For custom types, build your own codec:

```gleam
import gleam/bit_array
import trove/codec

pub type User {
  User(name: String, age: Int)
}

pub fn user_codec() -> codec.Codec(User) {
  codec.Codec(
    encode: fn(user) {
      let name_bytes = bit_array.from_string(user.name)
      let name_size = bit_array.byte_size(name_bytes)
      <<name_size:32, name_bytes:bits, user.age:32>>
    },
    decode: fn(bits) {
      case bits {
        <<name_size:32, name_bytes:bytes-size(name_size), age:32>> ->
          case bit_array.to_string(name_bytes) {
            Ok(name) -> Ok(User(name, age))
            Error(_) -> Error(Nil)
          }
        _ -> Error(Nil)
      }
    },
  )
}
```

### Compaction

Over time the store file accumulates dead entries from updates and
deletes.
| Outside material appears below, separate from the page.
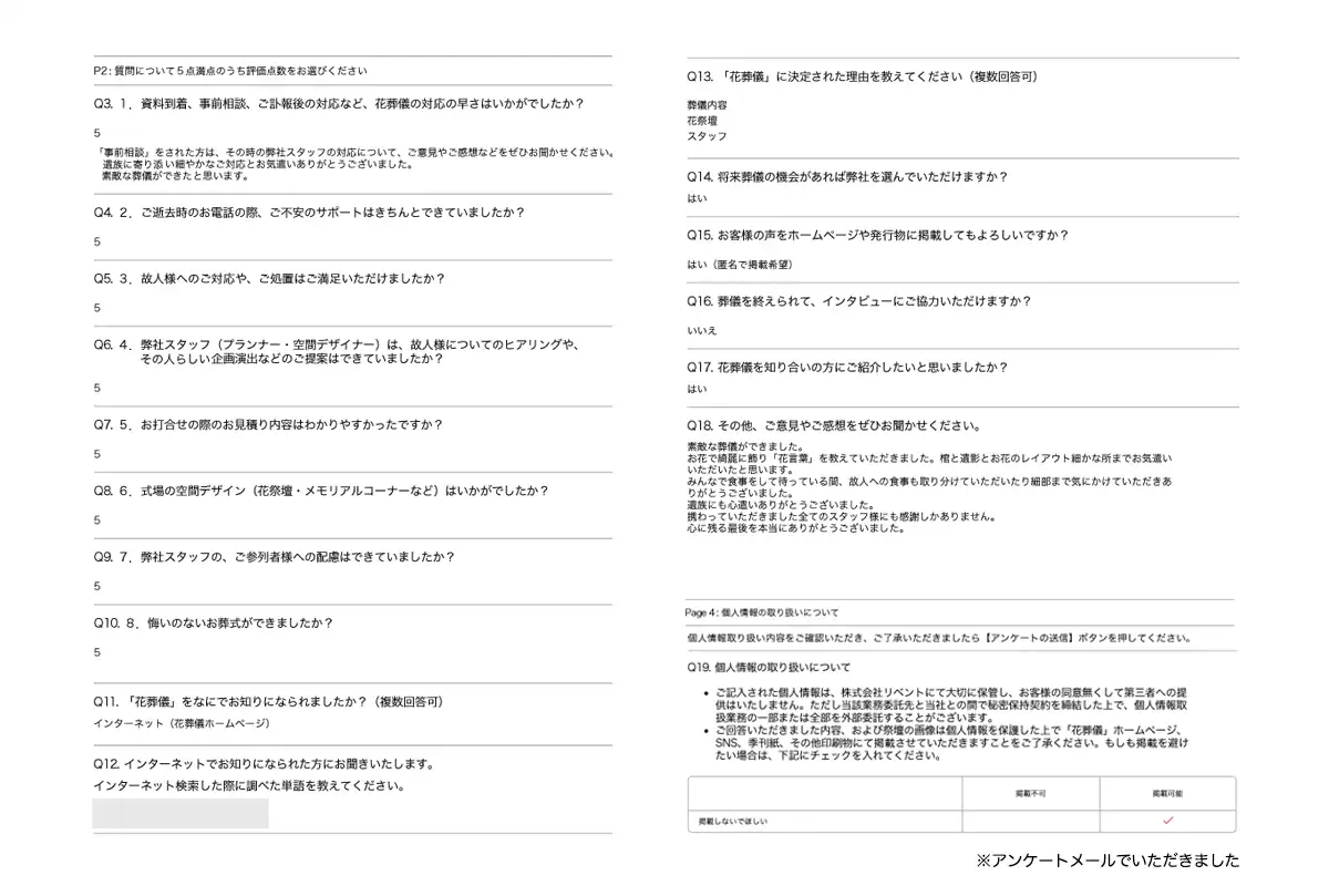 花祭壇のお打ち合わせの時も、使うお花の提案をたくさんしていただけたり、イメージ図のものだと金額的に厳しいことをお伝えすると、削ったものをすぐ提案してくれたり、母の葬儀で色々と悩んでいましたが、金銭的なところを相談しやすいところもよかったです

Compaction rebuilds the file, keeping only live data.

```gleam
// Manual compaction
let assert Ok(Nil) = trove.compact(db, timeout: 60_000)

// Check dirt factor (ratio of dead to total entries)
let df = trove.dirt_factor(db)

// With ManualSync, call file_sync to flush writes to disk:
trove.file_sync(db)

// Enable auto-compaction: triggers when at least 100 dead entries
// and dirt factor exceeds 25%
trove.set_auto_compact(
  db,
  setting: trove.AutoCompact(min_dirt: 100, min_dirt_factor: 0.25),
)
```

Or configure auto-compaction at open time:

```gleam
let config = trove.Config(
  path: "./my_db",
  key_codec: codec.string(),
  value_codec: codec.string(),
  key_compare: string.compare,
  auto_compact: trove.AutoCompact(min_dirt: 100, min_dirt_factor: 0.25),
  auto_file_sync: trove.AutoSync,
  call_timeout: 5000,
)
```

## How It Works

trove stores data in an append-only B+ tree on disk. Every write appends new nodes to the file and creates a new root — old data is never overwritten. This gives you:

- Crash safety - a write is only committed when its header is fully written. Partial writes are detected and skipped on recovery.
- Zero-cost snapshots - a snapshot is just a pointer to an old root. The append-only structure guarantees those nodes remain valid.
- Single-writer / multiple-reader - one OTP actor serializes writes while any number of readers can traverse old tree snapshots concurrently.

The file format uses 1024-byte blocks with marker bytes for headers,
enabling backward-scanning recovery without a write-ahead log.